This is good. I like this.

Thats maybe the problem. Does she take more than she gives? Sometimes definitely. Sometimes not. Its difficult to tell. Its far from ideal - I know that.

BUT, if we do split, will it be worse? Difficult one.

Sometimes as well, I know it is me over-analysing. Focusing too much on the negative etc. 

Suffered mental issues over the years so I know sometimes my thinking is not right. Sometimes I scare myself because I dont know if my gut feeling is real or in my head if you know what I mean. Over the years my head has definitely played around with me a bit. Irrational thoughts about all sorts (nothing to do with relationships etc - long story but they way new things and being out of my comfort zone make my spin is scary)

Anyone who's ever suffered depression/anxiety will maybe know what I mean. Sometimes its difficult to see the wood for the trees.

Not making excuses. I know my relationship is bad at times and I know my wife is a complete nightmare at times but, enough to split. Sometimes I just wish I could trust my feelings.


----------



## dtc37 (Nov 18, 2014)

The trick to get out of your own head is to practice meditation.. Look to yourself for your positive feelings. I recommend reading the book called THE POWER OF NOW. It will help getting out of your own head and open your eyes


----------



## NotLikeYou (Aug 30, 2011)

bob1471 said:


> Don't mean to be rude and appreciate everyones times giving their opinion but I've noticed that 99% of opinion on here is = get out while you can.
> 
> Fair enough. You might be right but its not always that easy.
> 
> ...


Bob, it sounds like you and the posters of TAM are having serious problems.

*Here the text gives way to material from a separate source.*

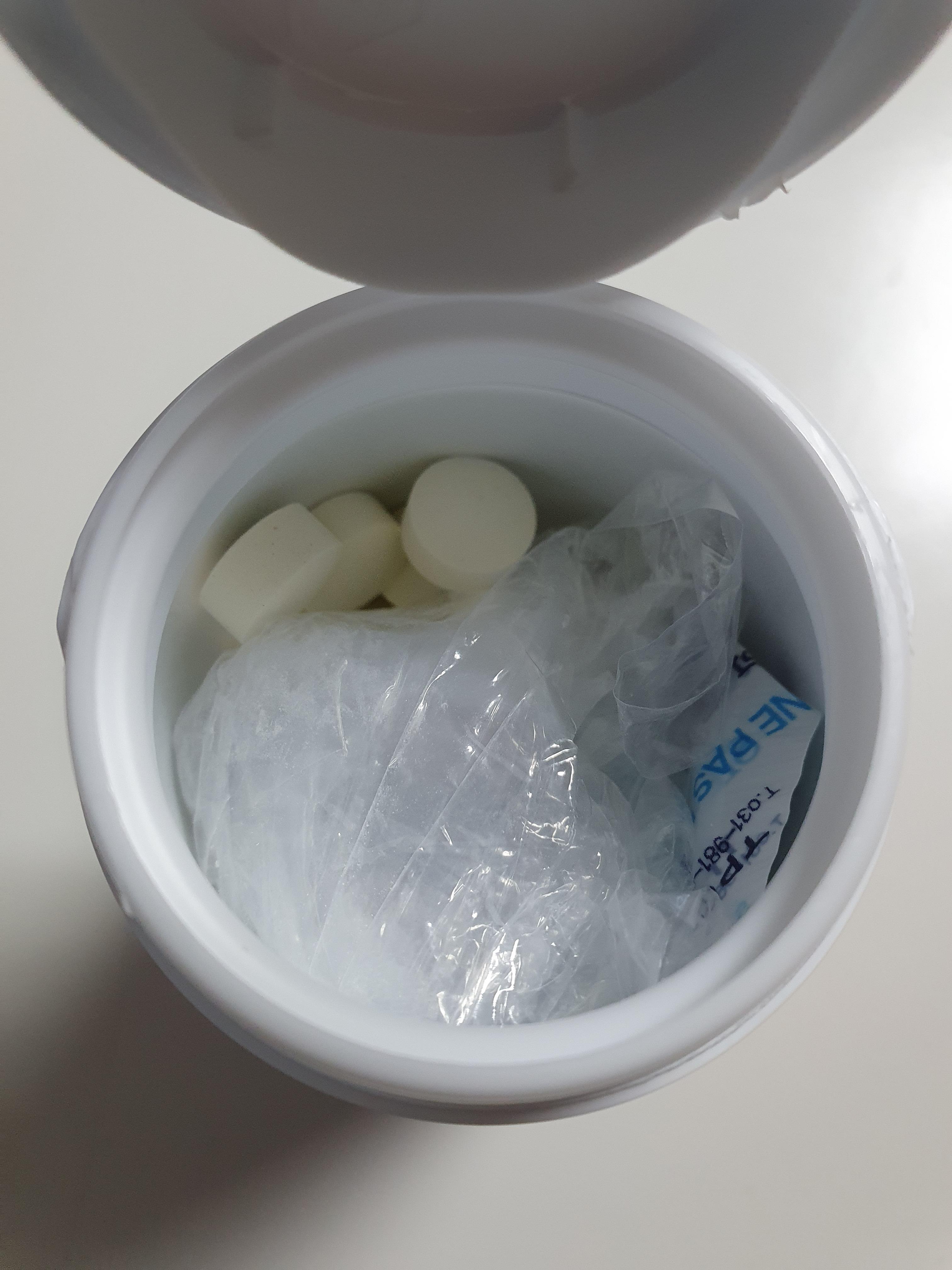 통안에는 동그란 엽산이 들어 있고. 산소를 차단하기 위해서 비닐과 산소제거제가 들어 있습니다.

Its important to remember that you're not going to change them- you can only change yourself.

You might want to consider a permanent separation. Getting out now will give you years to rebuild your life.

Separate from that, I consider the notion that 99% of advice given is to leave the relationship to be a silly idea without any merit whatsoever.


----------



## askari (Jun 21, 2012)

I would say that everyone on TAM who says 'leave...get out...go...separate....divorce...' etc are all in very happy marriages.
They are on the same page as their partner, they have a very satisfying and fulfilling sex life....they are a real 'team' and family...like the ones you get in yoghurt or toothpaste commercials!

However, when you have been together 15-20 years, have a nice (paid off) house, two 'golden children', international holidays once a year, two cars, golden retriever etc etc getting up and leaving isn't all that easy. The price to pay is very high indeed.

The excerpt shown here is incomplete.